While it may be a difficult task to defend the need to allow the human operator latitude for improvisation in many technological systems, improvisation has always played a central role in the theory of music performance. Indeed, most would find it a laughable notion to think that music performance could be enhanced across the board by eliminating opportunities for improvisation. Consider what Meyer has to say on this point:

The musical relationships embodied in a score or handed down in an oral tradition do not fix with rigid and inflexible precision what the performer’s actualization of the score or aural tradition is to be. They are indications, more or less specific, of what the composer intended and what tradition has established. The performer is not a musical automaton or a kind of -mechanical medium through which a score or tradition is realized in sound. The performer is a creator who brings to life, through his own sensitivity of feeling and imagination, the relationships presented in the musical score or handed down in the aural tradition which he has learned. (Meyer, 1956, p. 199)

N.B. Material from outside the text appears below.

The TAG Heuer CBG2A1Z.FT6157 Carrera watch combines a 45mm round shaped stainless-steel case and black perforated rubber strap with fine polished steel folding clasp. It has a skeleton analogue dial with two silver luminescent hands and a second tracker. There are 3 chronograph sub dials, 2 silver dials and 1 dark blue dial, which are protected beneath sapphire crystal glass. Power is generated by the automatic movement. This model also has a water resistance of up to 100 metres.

Meyer goes on to devote two entire chapters of his book on the crucial role that “deviations” from the written score and oral tradition play in creating quality musical performances, noting that it hardly speaks well of a performer to say that he or she “merely played the notes” or played “mechanically.”

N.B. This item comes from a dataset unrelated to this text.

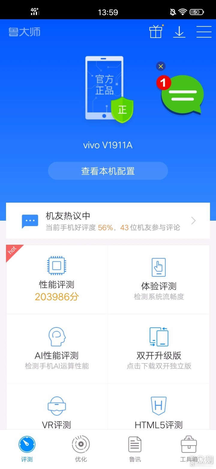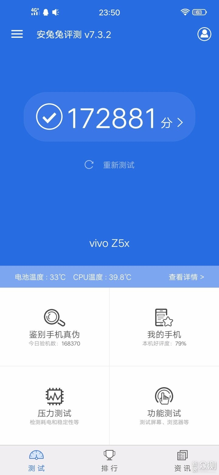 安兔兔跑分172881分,鲁大师跑分203986分,这个成绩在千元阵容中还算可以,跟高端机那肯定是被吊打的。​

In human-machine systems, however, far too often design and training proceed as if “doing it by the book” or working “like a machine” were admirable qualities. Experienced operators know otherwise, and in their better moments, so do researchers and practitioners in human-machine analysis and design. A scientific investigation of the constrained liberation underlying musical performance may hold promise for the development of a theory of responsible improvisation that could have significant social value. The entropy based techniques described in this paper allow one to formulate the problem of measuring the individual contributions of the musical score and musical improvisation to resulting musical performance in terms of simple addition and subtraction, once the relevant variables are measured. Whether this approach will yield insights into this important problem, however, remains to be seen.

References

Brunswik, E. (1956). Perception and the Representative Design of Psychological Experiments. Berkeley, CA: University of California Press.

Conant, R. C. (1976). Laws of information which govern systems. IEEE Transactions on Systems, Man, and Cybernetics, Vol. SMC-6, No. 4, pp. 240-255.

Cover, T. M. and Thomas, J. A. (1991). Elements of Information Theory. New York: Wiley.

Hammond, K. R., and Stewart, T. (2001). The Essential Brunswik: Beginnings, Explications, and Applications. Oxford, UK: Oxford University Press.

Kirlik, A. (1998). The ecological expert: Acting to create information to guide action. Proceedings of the Symposium on Human Interaction with Complex Systems. Dayton, OH, USA. IEEE Computer Society Press.

Maruyama, S. (2001). What information is explored and shared in the orchestra performance?
Proceedings of the 11th International Conference on Perception and Action. Storrs, CT, USA.

McGill, W. J. (1954). Multivariate information transmission. Psychometrika, Vol. 9, No. 2, pp. 97-116.

Meyer, L. B. (1956). Emotion and Meaning in Music. Chicago: University of Chicago Press.

Vicente, K, J, (1999). Cognitive Work Analysis : Toward Safe, Productive, and Healthy Computer-Based Work. Mahwah, NJ: Lawrence Erlbaum Associates.

Wickens, C. D. and Hollands, J. G. (2000). Engineering Psychology and Human Performance, Third Edition. Upper Saddle River, NJ: Prentice Hall.